-- Input data follows --
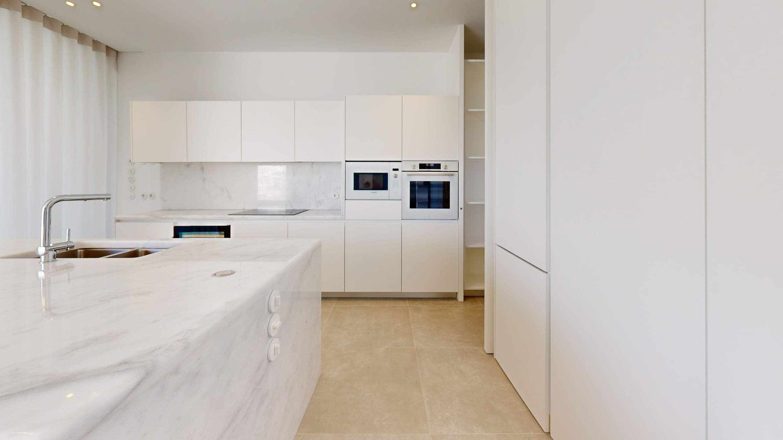 The kitchen is fully equipped with Bosch appliances, including a wine cellar, pantry, and laundry area.
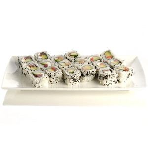 Mix di 18 rotolini con riso esterno di alga, avocado, gambero cotto, tonno e salmone
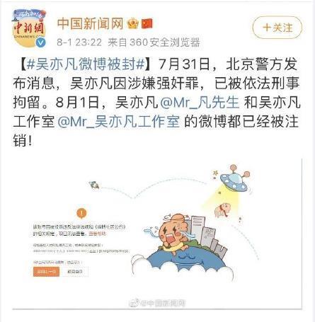 据报道,7月31日,顶流明星吴亦凡因涉嫌强奸罪,已被依法刑事拘留。8月1日,吴亦凡个人微博账号和工作室账号已被注销。
-- Input data concluded --
▶ Requirement: Every line above should be returned word for word, with the pictures left behind.

▶ Task result:
 The kitchen is fully equipped with Bosch appliances, including a wine cellar, pantry, and laundry area.
 Mix di 18 rotolini con riso esterno di alga, avocado, gambero cotto, tonno e salmone
 据报道,7月31日,顶流明星吴亦凡因涉嫌强奸罪,已被依法刑事拘留。8月1日,吴亦凡个人微博账号和工作室账号已被注销。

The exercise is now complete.